Re: Re: [PATCH] drm/panfrost: fix runtime pm imbalance on error

From: dinghao . liu
Date: Thu May 21 2020 - 03:00:44 EST


Hi Steve,

There are two bailing out points in panfrost_job_hw_submit(): one is
the error path beginning from pm_runtime_get_sync(), the other one is
the error path beginning from WARN_ON() in the if statement. The pm
imbalance fixed in this patch is between these two paths. I think the
caller of panfrost_job_hw_submit() cannot distinguish this imbalance
outside this function.

panfrost_job_timedout() calls pm_runtime_put_noidle() for every job it
finds, but all jobs are added to the pfdev->jobs just before calling
panfrost_job_hw_submit(). Therefore I think the imbalance still exists.
But I'm not very sure if we should add pm_runtime_put on the error path
after pm_runtime_get_sync(), or remove pm_runtime_put one the error path
after WARN_ON().

As for the problem about panfrost_devfreq_record_busy(), this may be a
new bug and requires independent patch to fix it.

Regards,
Dinghao


> On 20/05/2020 12:05, Dinghao Liu wrote:
> > pm_runtime_get_sync() increments the runtime PM usage counter even
> > the call returns an error code. Thus a pairing decrement is needed
> > on the error handling path to keep the counter balanced.
> >
> > Signed-off-by: Dinghao Liu <dinghao.liu@xxxxxxxxxx>
>
> Actually I think we have the opposite problem. To be honest we don't
> handle this situation very well. By the time panfrost_job_hw_submit() is
> called the job has already been added to the pfdev->jobs array, so it's
> considered submitted even if it never actually lands on the hardware. So
> in the case of this function bailing out early we will then (eventually)
> hit a timeout and trigger a GPU reset.
>
> panfrost_job_timedout() iterates through the pfdev->jobs array and calls
> pm_runtime_put_noidle() for each job it finds. So there's no inbalance
> here that I can see.
>
> Have you actually observed the situation where pm_runtime_get_sync()
> returns a failure?
>
> HOWEVER, it appears that by bailing out early the call to
> panfrost_devfreq_record_busy() is never made, which as far as I can see
> means that there may be an extra call to panfrost_devfreq_record_idle()
> when the jobs have timed out.
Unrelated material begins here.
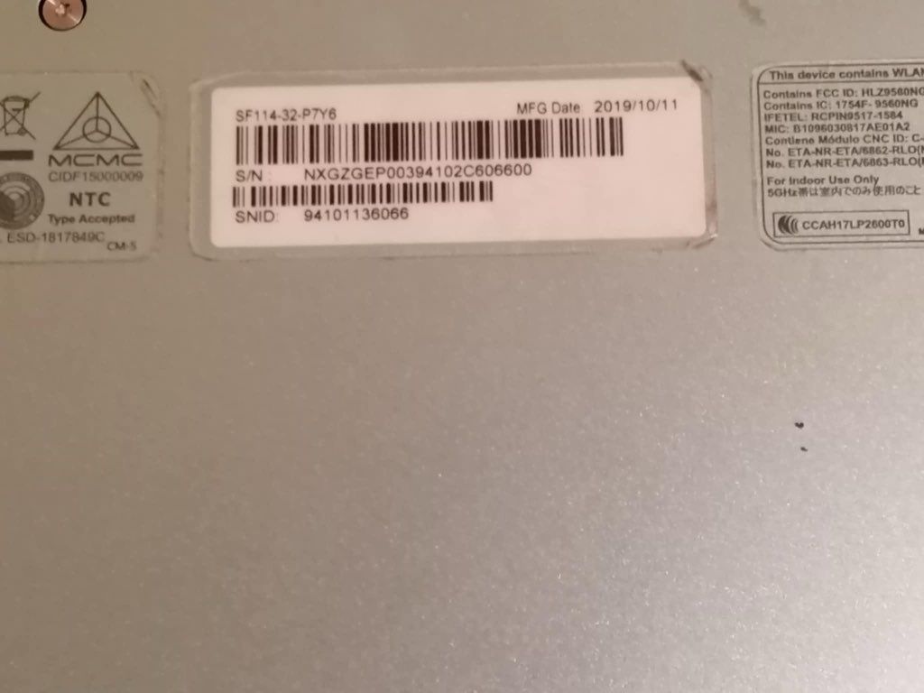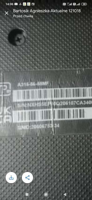 Laptop ACER czarny model 11322650416 seria ...

Which could underflow the counter.
>
> But equally looking at panfrost_job_timedout(), we only call
> panfrost_devfreq_record_idle() *once* even though multiple jobs might be
> processed.
>
> There's a completely untested patch below which in theory should fix that...
>
> Steve
>
> ----8<---
> diff --git a/drivers/gpu/drm/panfrost/panfrost_job.c
> b/drivers/gpu/drm/panfrost/panfrost_job.c
> index 7914b1570841..f9519afca29d 100644
> --- a/drivers/gpu/drm/panfrost/panfrost_job.c
> +++ b/drivers/gpu/drm/panfrost/panfrost_job.c
> @@ -145,6 +145,8 @@ static void panfrost_job_hw_submit(struct
> panfrost_job *job, int js)
> u64 jc_head = job->jc;
> int ret;
>
> + panfrost_devfreq_record_busy(pfdev);
> +
> ret = pm_runtime_get_sync(pfdev->dev);
> if (ret < 0)
> return;
> @@ -155,7 +157,6 @@ static void panfrost_job_hw_submit(struct
> panfrost_job *job, int js)
> }
>
> cfg = panfrost_mmu_as_get(pfdev, &job->file_priv->mmu);
> - panfrost_devfreq_record_busy(pfdev);
>
> job_write(pfdev, JS_HEAD_NEXT_LO(js), jc_head & 0xFFFFFFFF);
> job_write(pfdev, JS_HEAD_NEXT_HI(js), jc_head >> 32);
> @@ -410,12 +411,12 @@ static void panfrost_job_timedout(struct
> drm_sched_job *sched_job)
> for (i = 0; i < NUM_JOB_SLOTS; i++) {
> if (pfdev->jobs[i]) {
> pm_runtime_put_noidle(pfdev->dev);
> + panfrost_devfreq_record_idle(pfdev);
> pfdev->jobs[i] = NULL;
> }
> }
> spin_unlock_irqrestore(&pfdev->js->job_lock, flags);
>
> - panfrost_devfreq_record_idle(pfdev);
> panfrost_device_reset(pfdev);
>
> for (i = 0; i < NUM_JOB_SLOTS; i++)